Postby Evermore » Thu Dec 11, 2008 8:34 am

Finding might yield new insights into eating disorders, experts say
By Amanda Gardner, HealthDay Reporter


WEDNESDAY, Dec. 10 (HealthDay News) -- Science is verifying what many overeaters have suspected for a long time: sugar can be addictive.

In fact, the sweetener seems to prompt the same chemical changes in the brain seen in people who abuse drugs such as cocaine and heroin.

The findings were to be presented Wednesday at the American College of Neuropsychopharmacology's annual meeting, in Nashville.

"Our evidence from an animal model suggests that bingeing on sugar can act in the brain in ways very similar to drugs of abuse," lead researcher Bart Hoebel, a professor of psychology at Princeton University, said during a Dec. 4 teleconference.

"Drinking large amounts of sugar water when hungry can cause behavioral changes and even neurochemical changes in the brain which resemble changes that are produced when animals or people take substances of abuse.
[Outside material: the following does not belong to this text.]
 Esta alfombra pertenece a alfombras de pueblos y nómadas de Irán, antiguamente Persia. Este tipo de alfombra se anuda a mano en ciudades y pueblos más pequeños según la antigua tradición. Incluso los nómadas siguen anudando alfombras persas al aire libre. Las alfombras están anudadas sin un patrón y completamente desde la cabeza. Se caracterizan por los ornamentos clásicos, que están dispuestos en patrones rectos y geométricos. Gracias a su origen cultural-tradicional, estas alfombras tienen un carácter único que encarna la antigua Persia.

These animals show signs of withdrawal and even long-lasting effects that might resemble craving," he said.

Dr. Louis Aronne, director of the Comprehensive Weight Control Program at New York-Presbyterian Hospital/Weill Cornell Medical Center in New York City, added: "The big question has been whether it's just a behavioral thing or is it a metabolic chemical thing, and evidence like this supports the idea that something chemical is going on."

A "sugar addiction" may even act as a "gateway" to later abuse of drugs such as alcohol, Hoebel said.
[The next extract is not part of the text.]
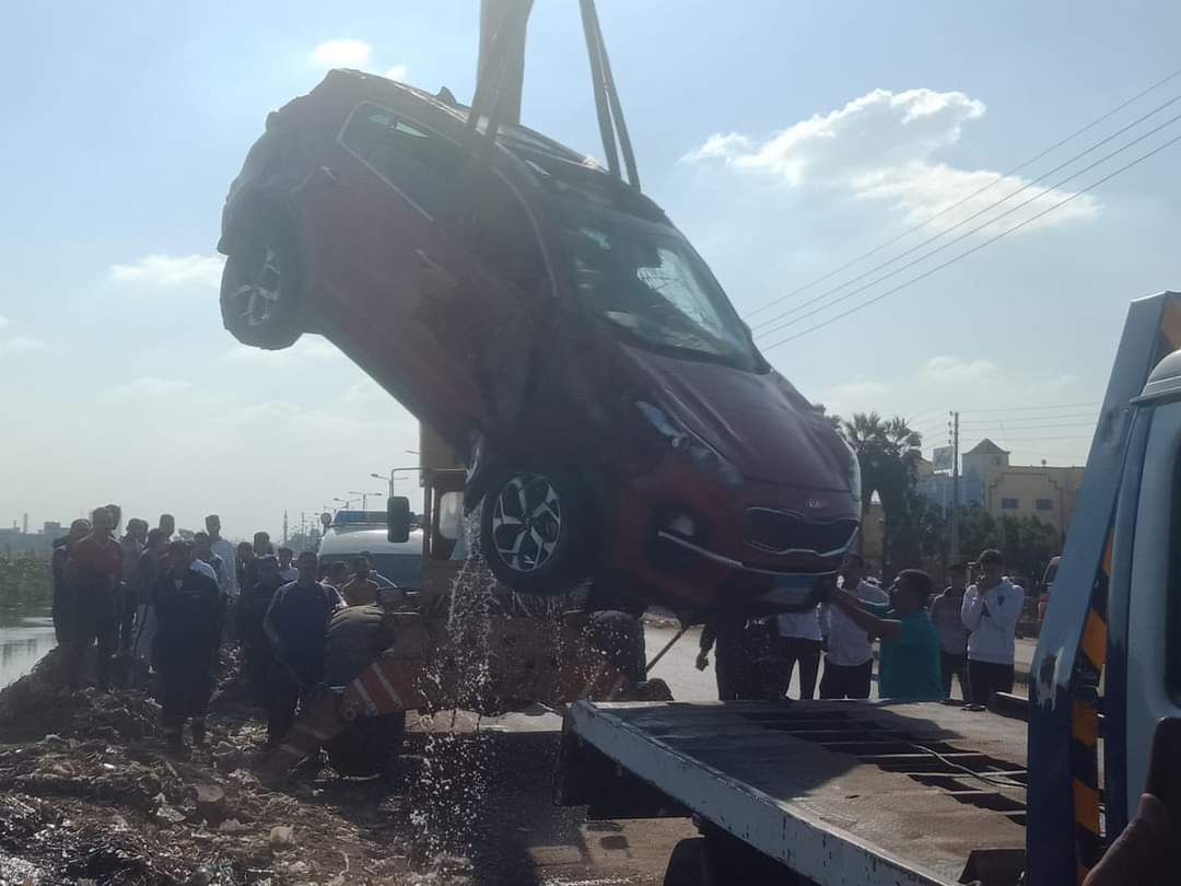 إصابة 3 أشخاص نتيجة سقوط سيارة بترعة الساحل بطريق طلخا المنصورة (صور)

The stages of addiction, as defined by the American Psychiatric Association, include bingeing, withdrawal and craving.

For the new research, rats were denied food for 12 hours a day, then were given access to food and sugar (25 percent glucose and 10 percent sucrose, similar to a soft drink) for 12 hours a day, for three to four weeks.

The bingeing released a surge of the neurotransmitter dopamine each time in the part of the brain involved in reward, the nucleus accumbens. "It's been known that drugs of abuse release or increase the levels of dopamine in that part of the brain," Hoebel said.

But it wasn't only the sugar that caused this effect, Hoebel explained -- it was the sugar combined with the alternating schedule of deprivation and largesse. After three weeks, the rats showed signs of withdrawal similar to those seen when people stop smoking or drinking alcohol or using morphine.

The scientists next blocked the animals' brain endorphins and found withdrawal symptoms, anxiety, behavioral depression and a drop in dopamine levels. In other words, they confirmed a neurochemical link with the rats' behavior.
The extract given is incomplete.